Thanks Speedo! Yeah it was always my favorite year of car. I sold my first one and I guess my wife got tired of me bitchin so she said I needed to buy another. So 17 years ago I bought the one I own today. Found a new distributor on Ebay for $135 shipped for the 2.4. Thanks for the help!!!


----------



## tsnow678 (Feb 22, 2011)

The Ebay distributor was a turd! I ended up getting another one from a local auto parts store and it fired right up. I noticed with the old distributor that the #1 spark was not triggering the timing light everytime. It was running fine no misses but for some unknown reason was not consistent with the timing light.
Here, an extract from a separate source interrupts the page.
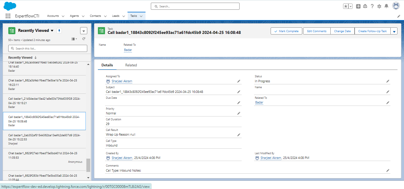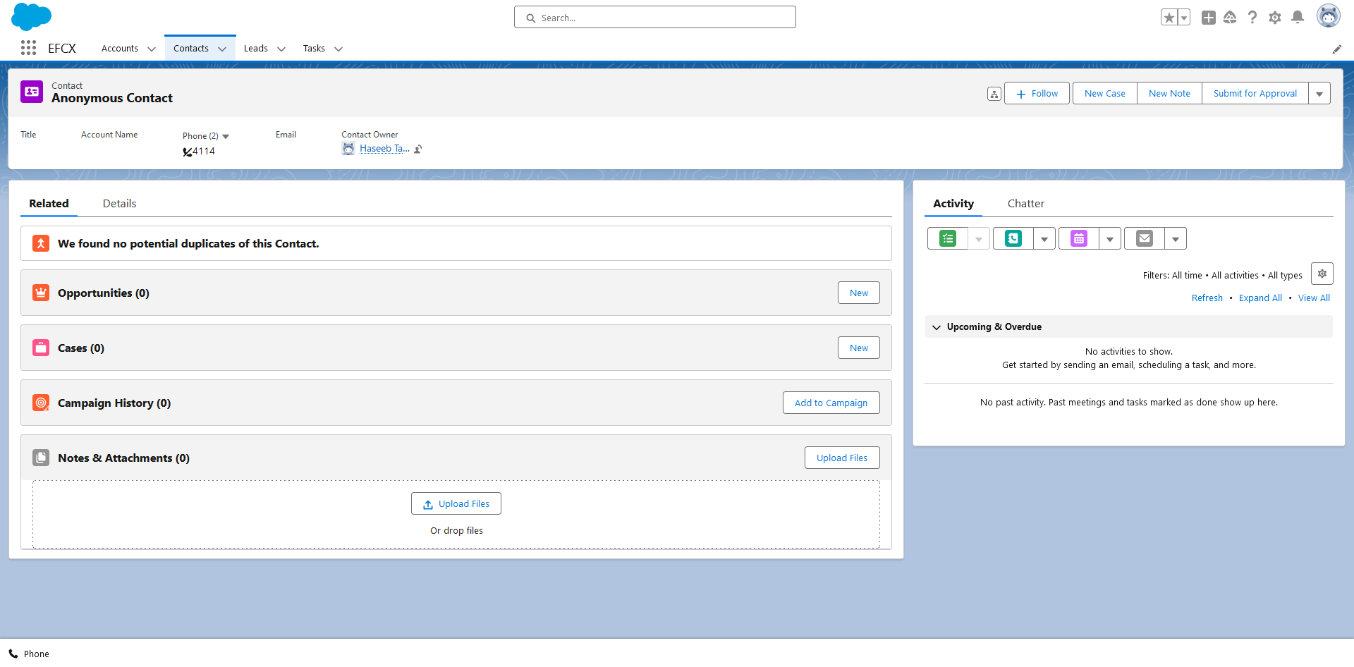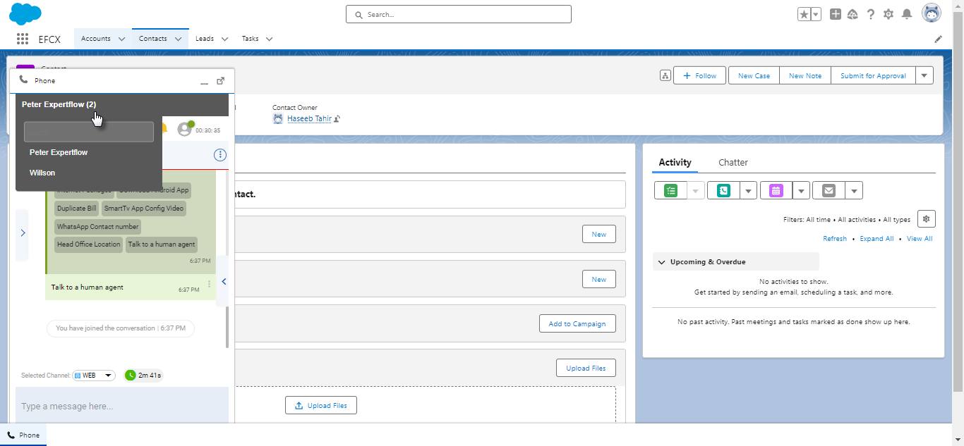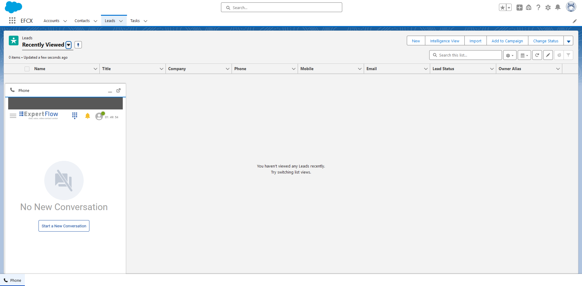 This embedded EFCX Connector runs inside the Salesforce CRM Web UI and enables agent/call controls within Salesforce allowing agents to use the same CRM agent interface for all call and chat handling and transfer. The EFCX Connector has the following feature set

Once I installed the new distributor it fired the timing light every time without a beat. Truck is running good at this point. We will see what it is like in a few days. Appreciate the help and maybe I can return the favor one day.


----------



## smj999smj (Jan 1, 2006)

You should have got a genuine Nissan reman. distributor (#22100-1S704RE). 90-97 HB KA24E distributors were prone to water and debris entering the distributor. In 2000, Nissan came out with a revised distributor and cap with better venting and an improved drain. The revised cap (#22162-3S505) does work on both the new and old style distributors, FYI.


----------



## tsnow678 (Feb 22, 2011)

smj999smj said:


> You should have got a genuine Nissan reman. distributor (#22100-1S704RE). 90-97 HB KA24E distributors were prone to water and debris entering the distributor. In 2000, Nissan came out with a revised distributor and cap with better venting and an improved drain. The revised cap (#22162-3S505) does work on both the new and old style distributors, FYI.


I know I am like a year and month late to respond and for that I am sorry. After I got the truck running I was so busy with the Camaro and didnt realize you responded with some information. Thanks even though its belated!!! I will keep that information for future use. The truck is still running strong without a glitch!!!


----------